Why the fuck do I have to waste my time trying to impress someone like that, and if u comment some shit like "she's your mother" or "your mother was probably gonna through some hard times" not only will I send you a fuck you email and/or write a fuck u blog to you I will report your comments as offensive. Because that woman.... I dont even know how to describe it. I try not to vent cause at the end of that day I'm venting I'm thinking of ways to be spiteful.
..... Have you even been so mad you start laughing? That's probably one thing I share with my ma. Its not that I don't love my mother nor do I hate her..... I just want her to see what she's doing wrong. I don't give a shit if she start having faith in me now because I won't give a fuck plus two. Saying I'm this and that without knowing I'm this and that, so everything out your mouth is irrelevant. My mom don't know me and she never will. Why? Because she don't care to know that's why.
I hate complaining.... I always keep my madness and hate on the inside. It made me completely insane though.
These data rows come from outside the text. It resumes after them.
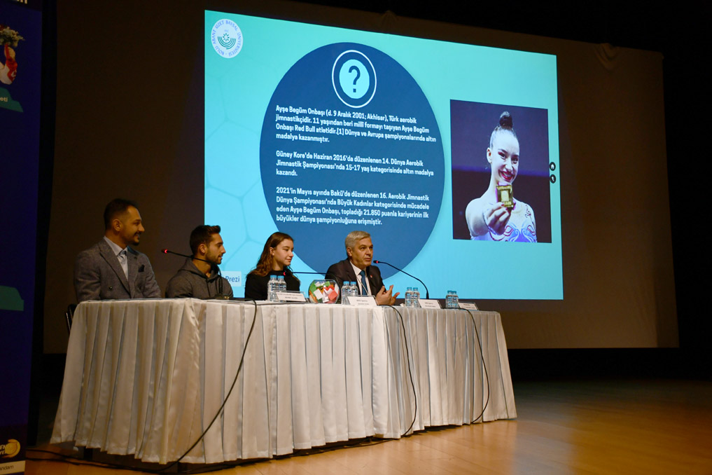 Panelde Aerobik Cimnastik Dünya Şampiyonu Ayşe Begüm Onbaşı, Artistik Cimnastik Halka Aleti Dünya Şampiyonu İbrahim Çolak ve Ayşe Begüm Onbaşı’nın antrenörü Mehmet Ali Ekin moderatör Türkiye Jimnastik Federasyonu Asbaşkanı ve BAİBÜ Spor Bilimleri Fakültesi Öğretim Üyesi Prof. Dr. Hasan Birol Yalçın’ın sorularını yanıtladı. Panelde Onbaşı, nazik davetten duyduğu memnuniyeti ifade ederken Çolak, panelde olmaktan dolayı mutlu olduğunu belirtti. Onbaşı’nın antrenörü Ekin ise panele davet edildiği için teşekkür etti. Moderatör Yalçın, panelistlerin kendilerine yapılan daveti geri çevirmeyip panele katıldıkları için panelistlere teşekkür etti. Panelde Onbaşı, Çolak ve Ekin şampiyonluk anında neler hissettiklerini katılımcılara aktardı. Panelistler şampiyon olabilmek için verdikleri emek hakkında bilgi verip bundan sonraki hedeflerinden bahsetti.
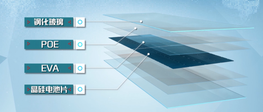 该系统由不同尺寸的超大异形幕墙板块组成,标准厚度光伏组件无法满足超大异形板块的结构性能。为应对这一问题,团队创新设计了6mm厚的双玻定制光伏组件,并采用POE+EVA组合胶膜,使定制异形光伏组件具有低水汽透过率、高运行安全性、长久耐老化性等优势,实现了超大板块单元体的结构性能和建筑的个性化需求。
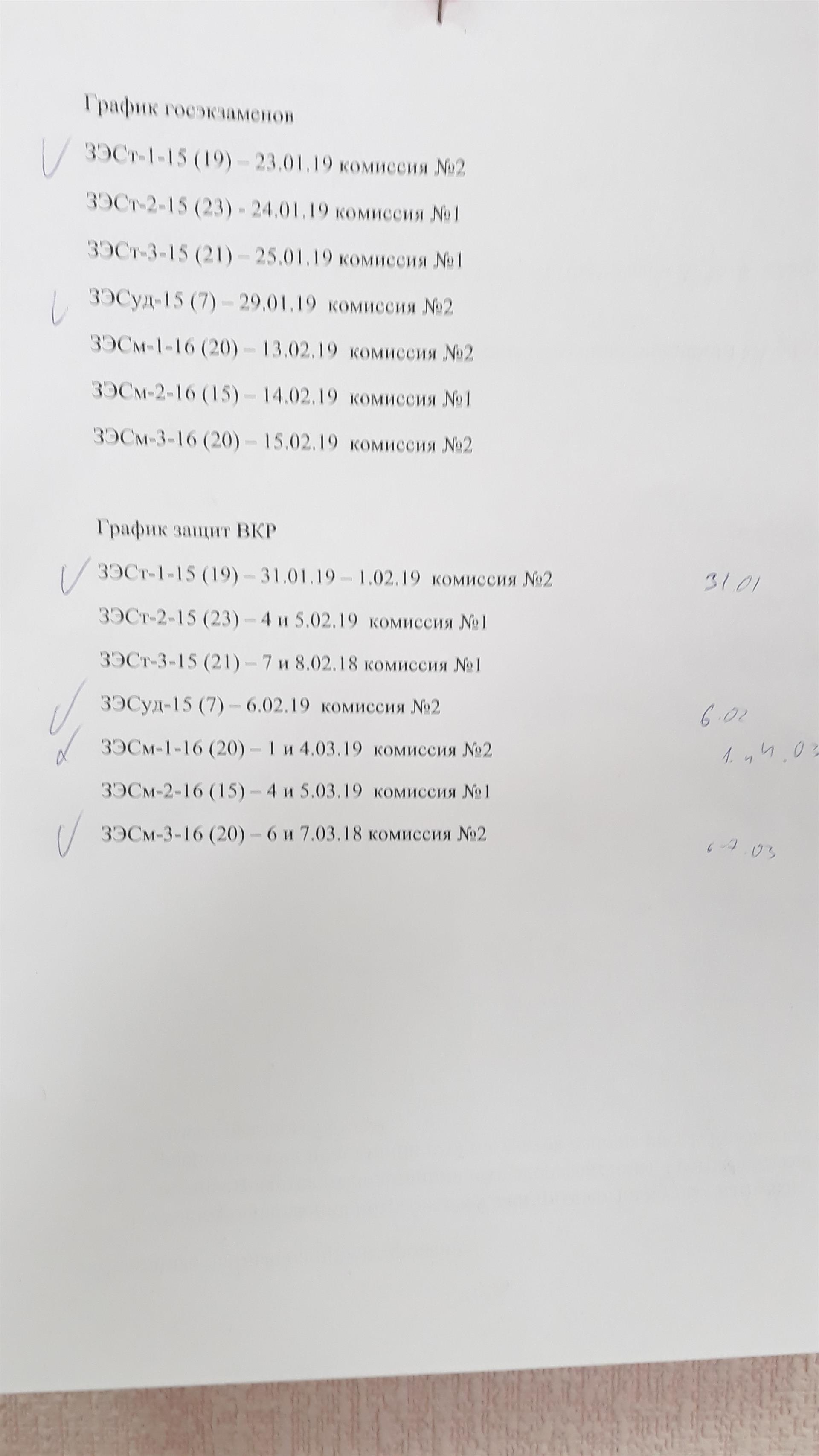 График защит ВКР на зиму 2019
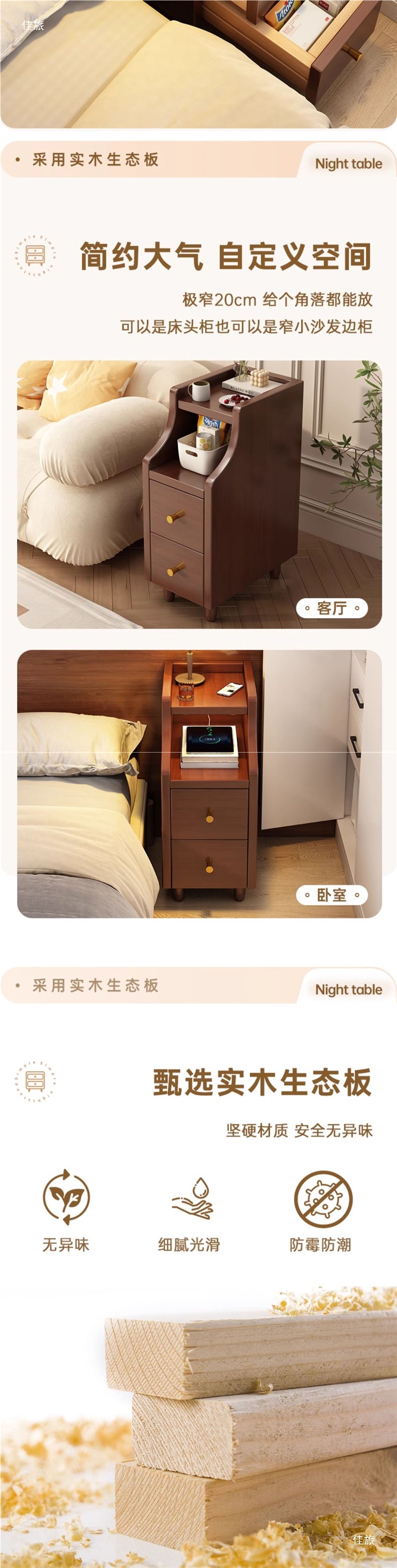 Ультратонкий прикроватный столик из массива дерева, простой современный шкаф для хранения, ультратонкий для спальни, 30 см мини-подставки
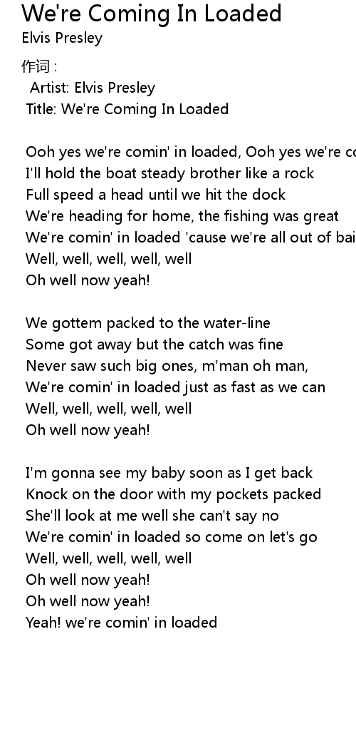 | Ooh yes we're comin' in loaded, Ooh yes we're comin' in loaded | |
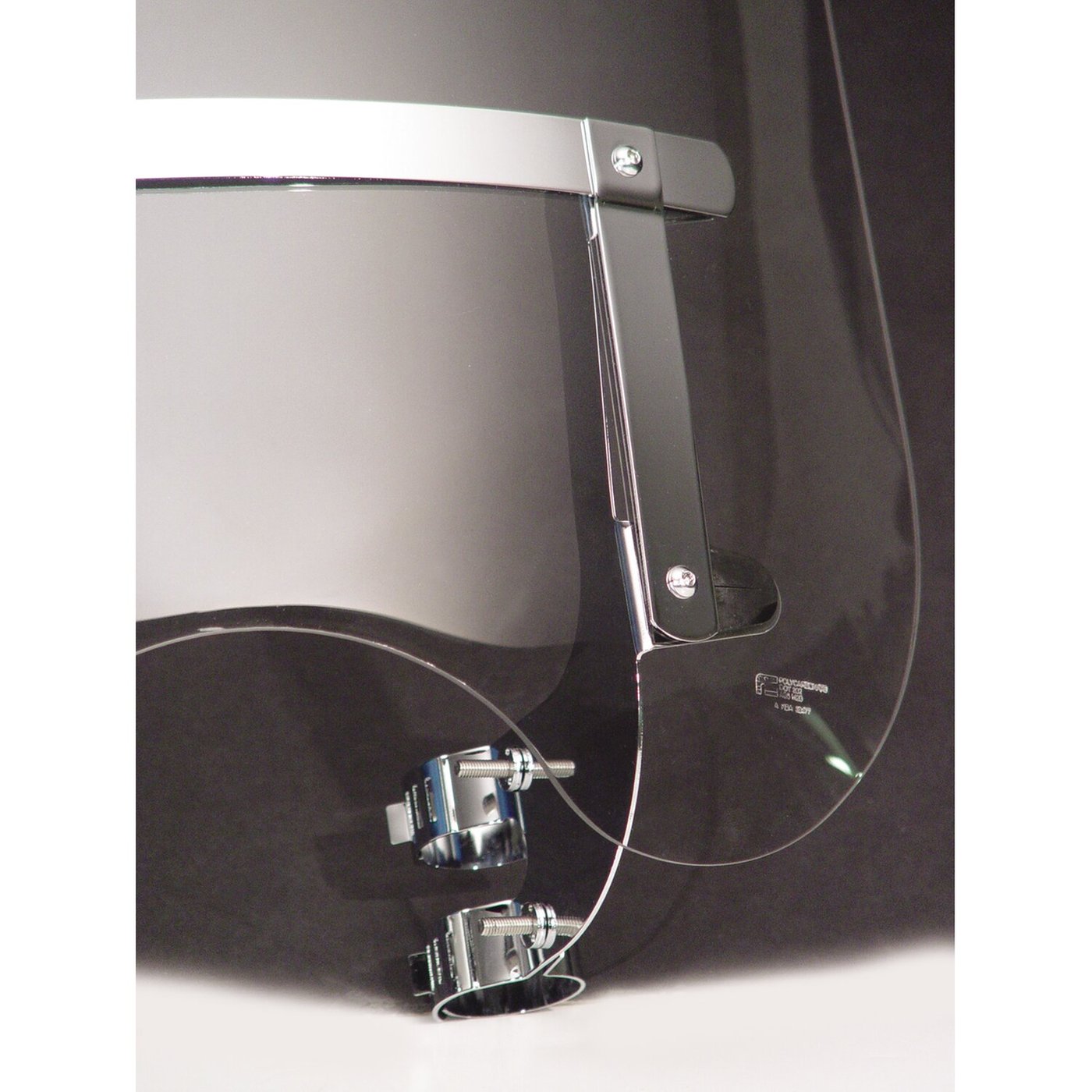 Not for use with a light bar. A custom look for XL Sportsters and other models with narrow glide forks. High Impact Acrylic. Includes variable fork mounting hardware. Dimensions: 17.5″ (44.5cm) high x 18.3″ (46.5cm) wide
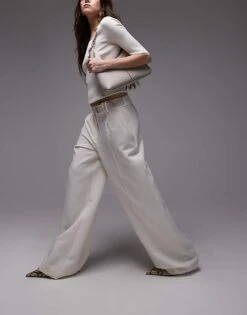 Mango Buckle Waistband Straight Leg Trousers In White For Women
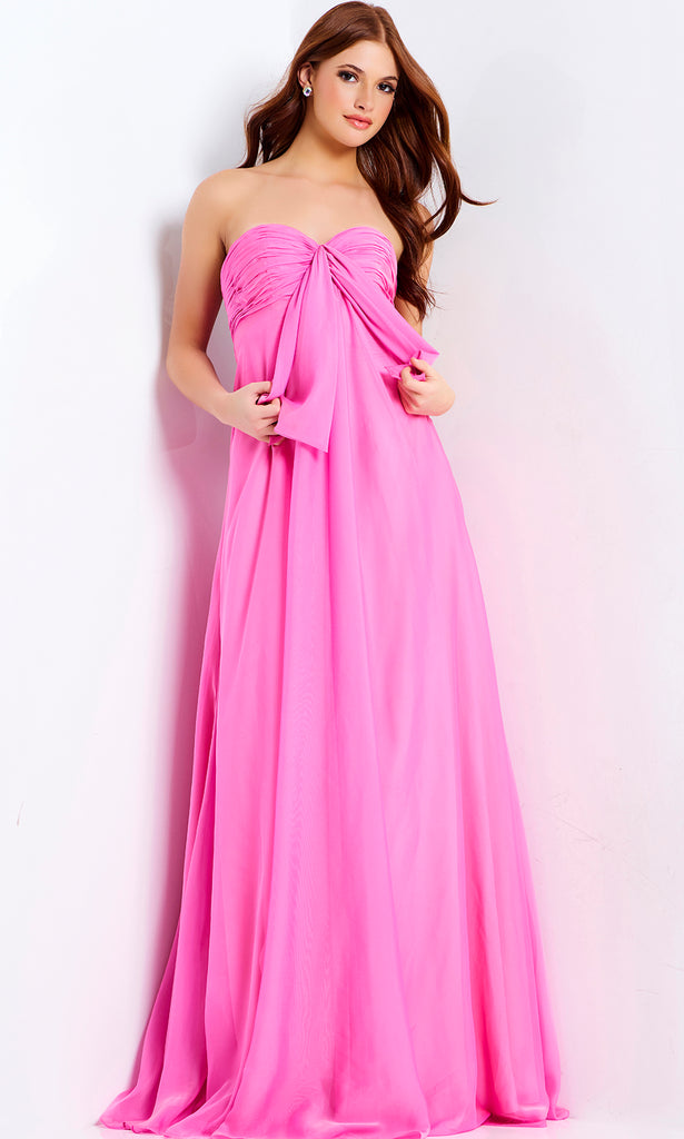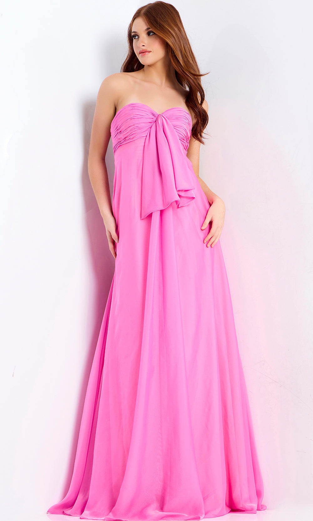 A romantic atmosphere surrounds Jovani 47041, offering a flowing look made for memorable celebrations. The strapless sweetheart neckline frames the upper silhouette beautifully, while gentle ruching across the bodice adds visual interest. A softly draped front bow provide an extra bit of romance. The A-line skirt falls effortlessly to the floor, giving the design a light and airy presence. Perfect for formal evenings or prom events, Jovani 47041 gown invites timeless appeal. Model is wearing Hot-Pink color.

Whatever.... its more fun this way though, life is not ever boring anymore Eheh. When I write.... I feel like I'm sorta free from the world around me for a brief moment. I actually wrote a song called the "Perfect Moment".
It goes like this;
"I can use a perfect moment
Just a single moment
To take all my arguments
And end them with the disappointments
To stop focusing on all the bad things
To sit back, relax and be my own king
I can use a perfect moment"
I showed this is to my ma as well, its the first song I ever wrote. And I wrote because I didn't feel close to my mother at all.
Fun Fact;
My longest blog is the same blog that's about my mother.